__REQUIRED WORK__. After locating the line with "LOT 627 - Posrcards" in the entries below, output it and each following line up to and including the line with "清明小長(zhǎng)假就要", exactly and without pictures.

__INPUT DATA__.
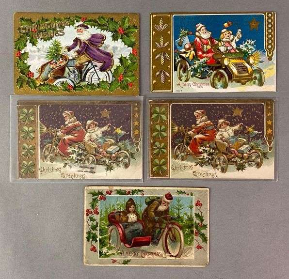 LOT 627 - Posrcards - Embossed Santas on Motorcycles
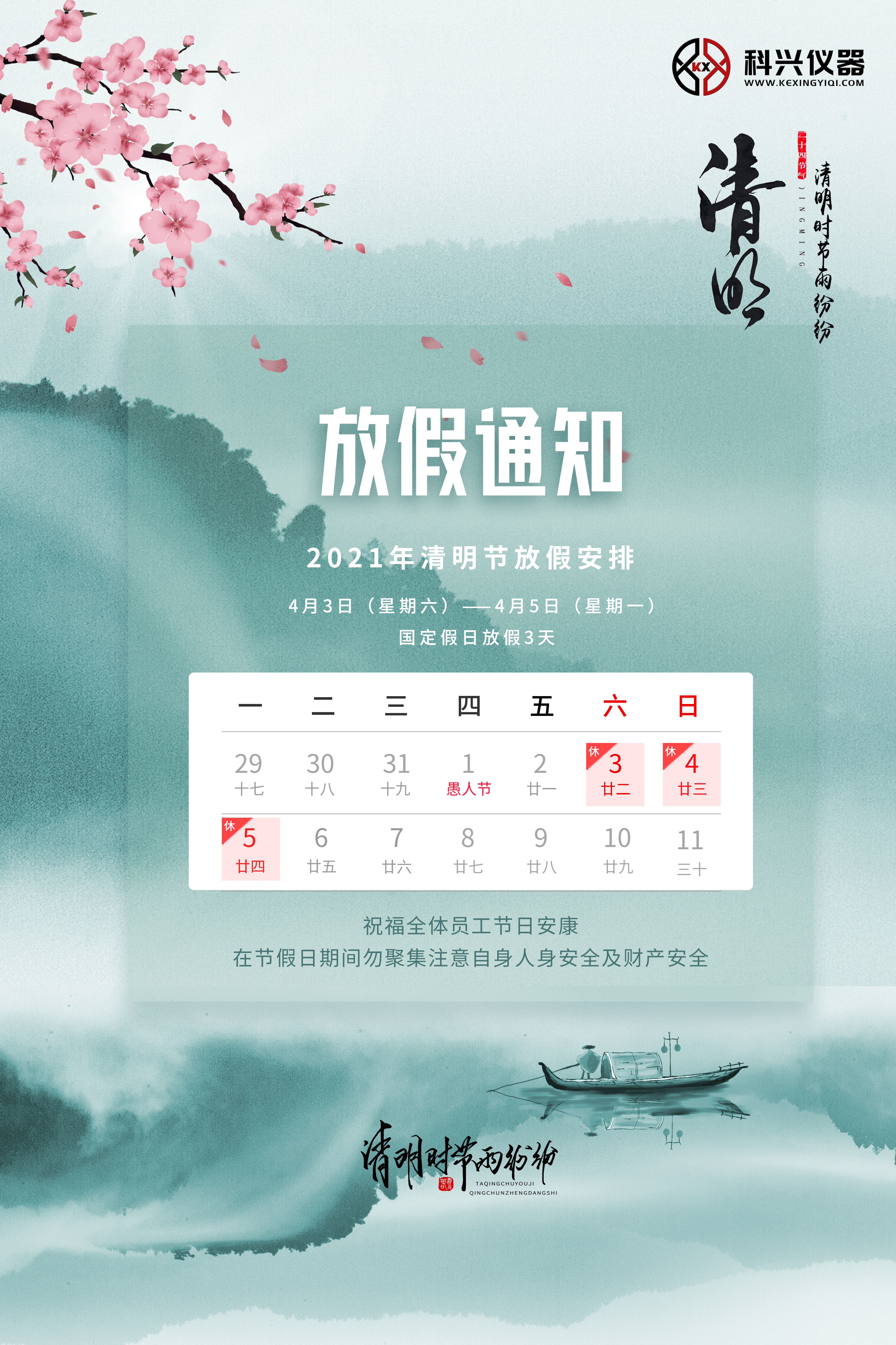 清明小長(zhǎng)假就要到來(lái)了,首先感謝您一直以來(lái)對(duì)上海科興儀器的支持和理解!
...
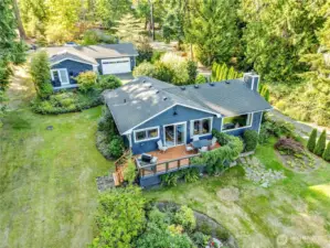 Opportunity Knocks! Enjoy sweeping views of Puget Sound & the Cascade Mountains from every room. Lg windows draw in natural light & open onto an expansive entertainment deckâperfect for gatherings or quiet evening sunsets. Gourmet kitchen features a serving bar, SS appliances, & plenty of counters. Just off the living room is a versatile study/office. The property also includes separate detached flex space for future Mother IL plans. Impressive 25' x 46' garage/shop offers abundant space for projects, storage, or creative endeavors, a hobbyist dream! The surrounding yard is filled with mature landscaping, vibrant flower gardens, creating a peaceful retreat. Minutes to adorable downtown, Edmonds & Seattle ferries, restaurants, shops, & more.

__OUTPUT FOR THIS TASK__.
 LOT 627 - Posrcards - Embossed Santas on Motorcycles
 清明小長(zhǎng)假就要到來(lái)了,首先感謝您一直以來(lái)對(duì)上海科興儀器的支持和理解!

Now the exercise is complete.